5. Reduce Processed Carbs
Not only do processed foods often contain high amounts of added sodium, but they also have high amounts of processed carbohydrates. (13) Aside from containing minimal nutrient value, eating these carbs in excess can lead to water retention due to the fact that carbohydrates naturally hold more water than protein or fat. (14)
Plus, the insulin spike you receive from processed carbs causes sodium to be reabsorbed through your kidneys, instead of flushed out. (15)
Try to avoid processed carbs like sugary snacks, chips, flours, and boxed or canned meals and opt instead for organic produce, healthy fats, and fresh, grass-fed meats.
6. Drink More Water
While it might seem counterintuitive, drinking more water may actually be able to help you get rid of water retention.
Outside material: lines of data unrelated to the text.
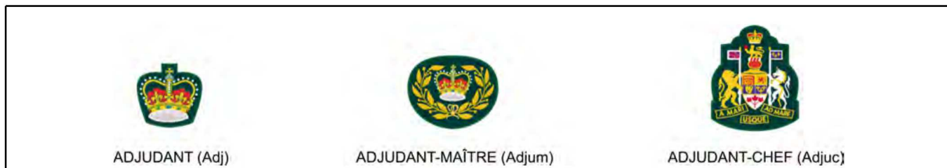
Figure 2 Militaires du rang : adj – adjum – adjuc

Ces grades sont portés au bas de la manche du bras droit sur la veste d'uniforme du cadet.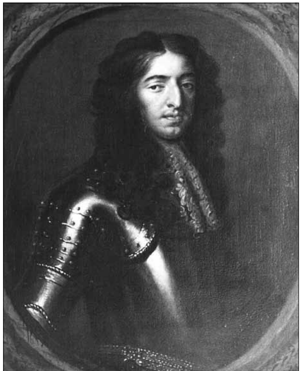
Koning-stadhouder Willem III. Portret aanwezig in het gemeentehuis van Tholen te Tholen. Anoniem, olieverf, eind 17e eeuw.

De twee bijlagen, die met het pamflet zijn afgedrukt, zijn rekesten met adhesiebetuigen aan het adres van de zittende stadsregering. Het eerste is ondertekend door 129 mannen en 19 vrouwen die zich burgers en ingezetenen van Tholen noemen. Het tweede, dat volgens de tekst dateert van 24 oktober 1672, is wat uitgebreider en bevat een korte weerlegging van de punten van de beschuldiging. Onderaan staan de namen van 35 mannen, die zich in de tekst presenteren als gecommit-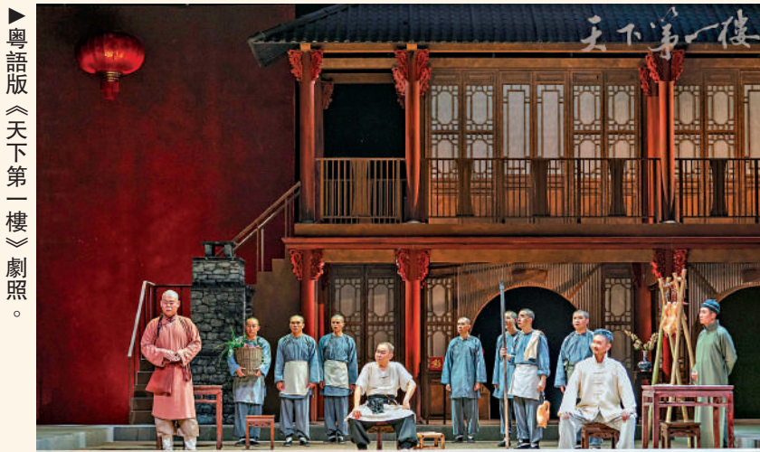
▲粵語版《天下第一樓》劇照。

何冀平說，自己非常期待未來香港與內地文藝界能夠有越來越深入的交流合作。這一次粵語版《天下第一樓》在京首演，自己也會去看，並且認真感受京城觀眾對這部作品的評價。何冀平還透露，自己還為越劇名家茅威濤創作了劇本《蘇東坡》，今年4月就能與香港觀眾見面，這也是香港與內地文藝交流的又一次積極嘗試。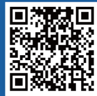
第八届虹桥国际 经济论坛报告等成果集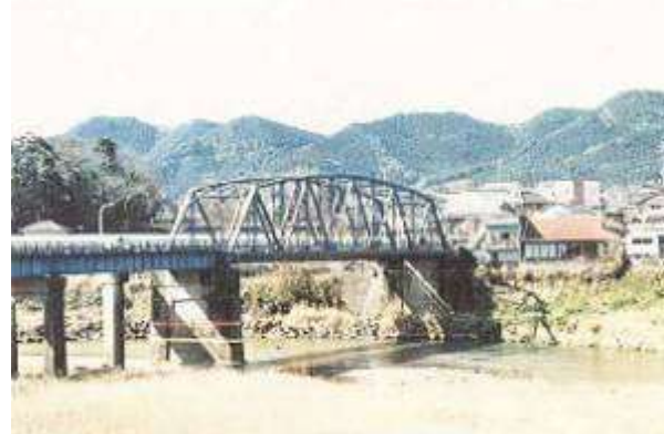
T90681、吉松橋、鹿児島県、吉松町、川内川、1931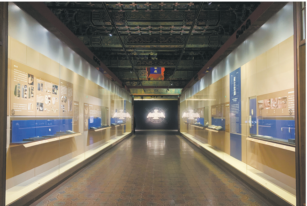
文华殿“文明先锋——凌家滩文化玉器展”展厅一瞥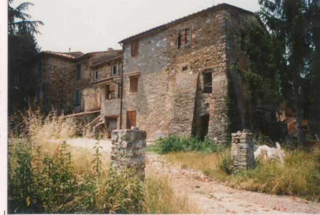
Film 439. Foto 6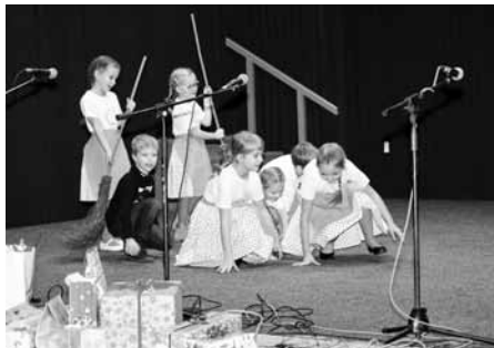
Na benefičním koncertě nechyběly ani děti z dětského folklorního souboru Floriánek při Ekocentru Trkmanka.

Koncertu se zúčastnily místní soubory – Dětský folklorní kroužek Floriánek, dětská cimbálová muzika Palička, dětská cimbálová muzika Modruša z Moravského Žižkova a samozřejmě pořadatelé – Hanáckoslovácký krúžek a Hanáckoslovácký sbor.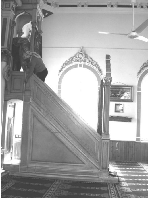
Res. 4- Hamidiye Camii Minberi. Genel görünüm.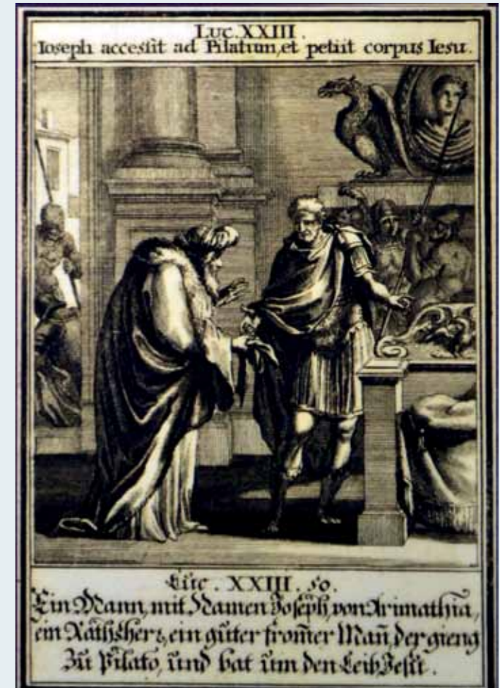
Ilustrace, Jozef z Arimatie žádá o tělo Ježíšovo Ján 19:38 Potom pak prosil Piláta Jozef z Arimatie, (kterýž byl učedník Ježíšův, ale tajný, pro strach Židovský), aby snal tělo Ježíšovo. I dopustil Pilát. A on přišel, i snal tělo Ježíšovo. 39 Přišel pak i Nikodém, (kterýž byl prve přišel k Ježíšovi v noci), nesa smíšený mirry a aloes okolo sta liber. 40 Tedy vzali tělo Ježíšovo, a obvinuli je prostěradly s vonnými věcmi, jakž obyčej jest Židům se pochovávat. 41 A byla na tom místě, kdež ukřižován byl, zahrada, a v zahradě hrob nový, v němžto ještě žádný nebyl pochován. 42 Protož tu pro den připravování Židovský, že blízko byl hrob, položili Ježíše.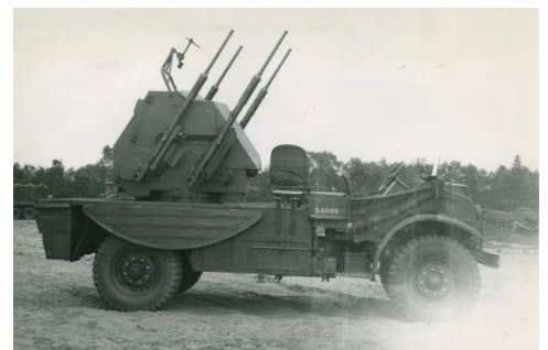
Afb. 19 :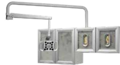
Support mural ou au cabinet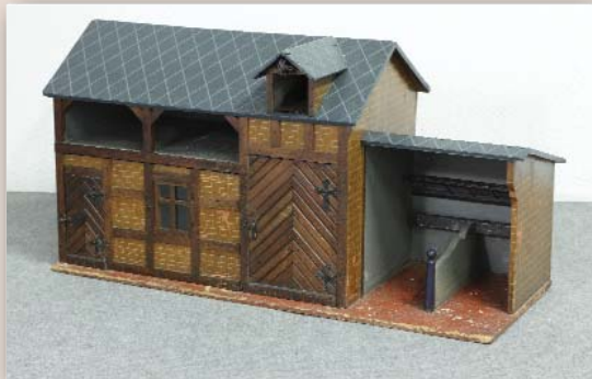
Pferdestall mit Nebengebäude aus dem Jahre ca. 1920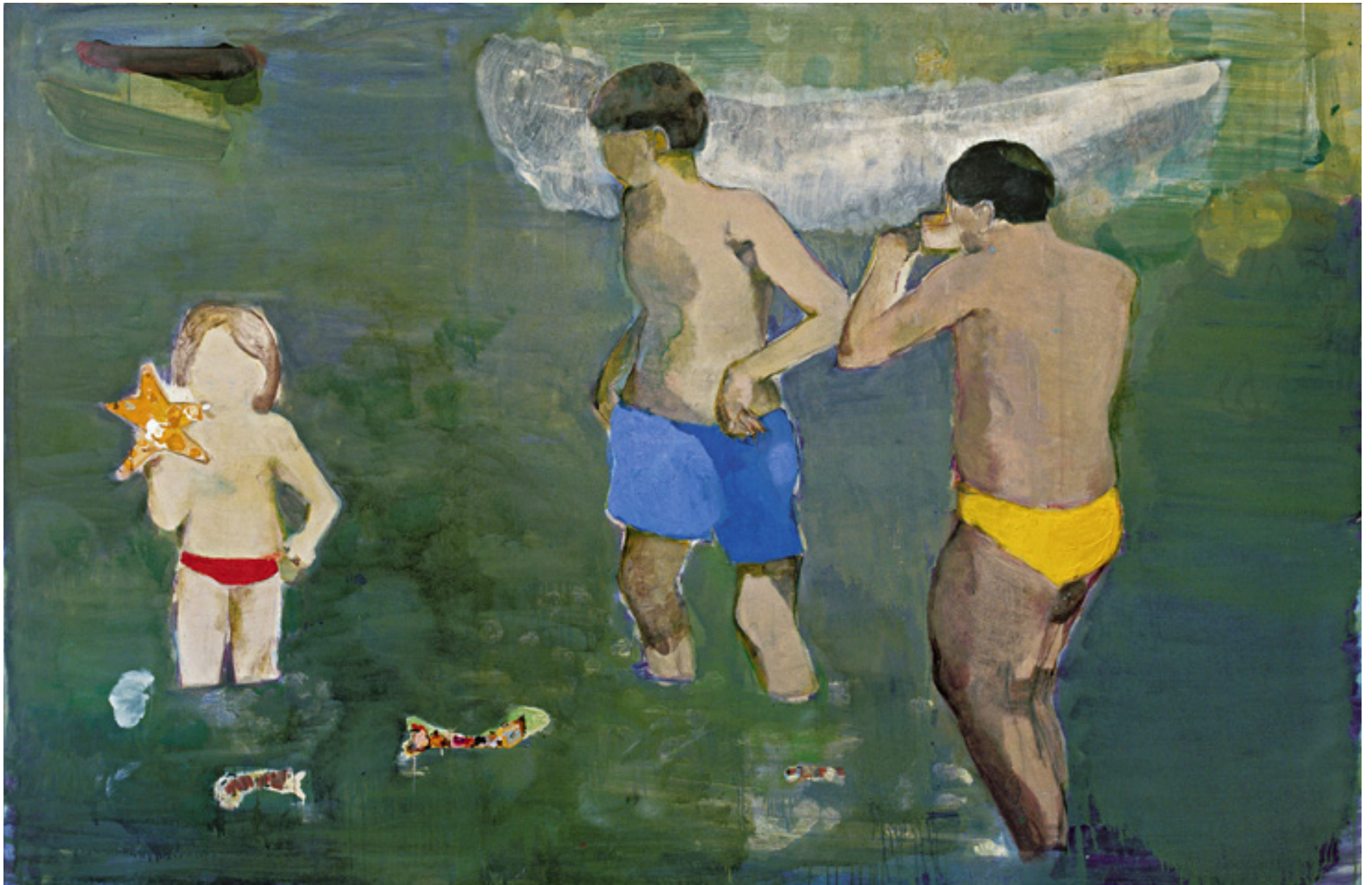
Família em férias 2007 -- técnica mista sobre tela/mixed media on canvas -- 170 x 260 cm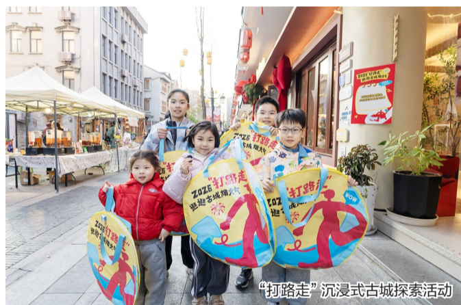
“打路走”沉浸式古城探索活动

元旦假期,忠义街历史文化街区同样活力迸发,非遗体验与古城探索等活动为游客奉上一场兼具文化底蕴与互动乐趣的假日盛宴。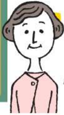
22年6月 川柳キャンペーン 投稿より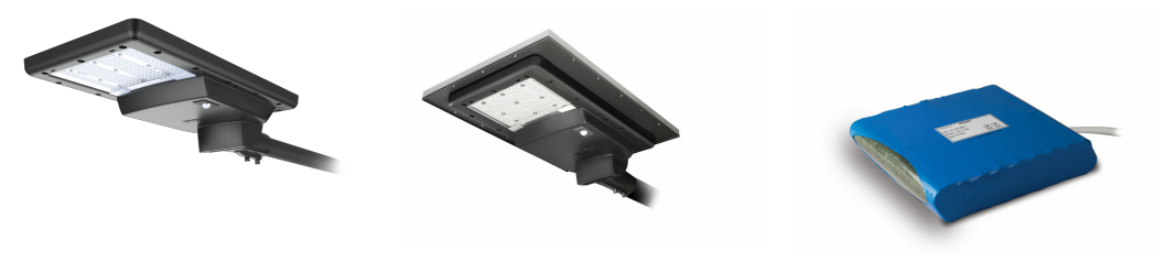
standard shot sunstay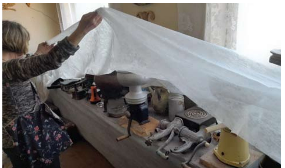
Eksponatus nuo aplinkos poveikio bandoma apsaugoti pridengus juos plėvele.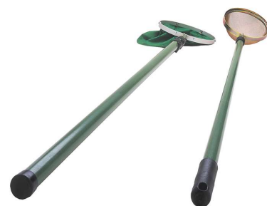
12.10.00.01*, UnoFlex teleskopstång 1,5-3,85 m 12.10.00.02*, UnoFlex teleskopstång 1,5-5,20 m 12.10.00.03* UnoFlex teleskopstång 1,5-5,20 m

This is because drinking more fluids can help flush excess sodium from your body through your kidneys. (16)
Try to drink more water than usual when you’re holding water weight, and be sure to balance all the extra water with some potassium and magnesium-rich foods like leafy greens and avocado. Drinking extra water can help flush other minerals as well as sodium, so you want to make sure you have an adequate intake.
The Bottom Line
By making a few dietary changes, you can reduce water retention causing puffiness or bloating. Try cutting back on your salt intake, drink more water, or try any of the other above tips to beat the uncomfortable swelling.
Note: if you find you’re suddenly experiencing severe water retention (e.g., your shoes or socks won’t fit, the neck on your shirt is tight, and/or your face is so puffy your eyes are swollen), contact your doctor, as it could be a sign of something more serious.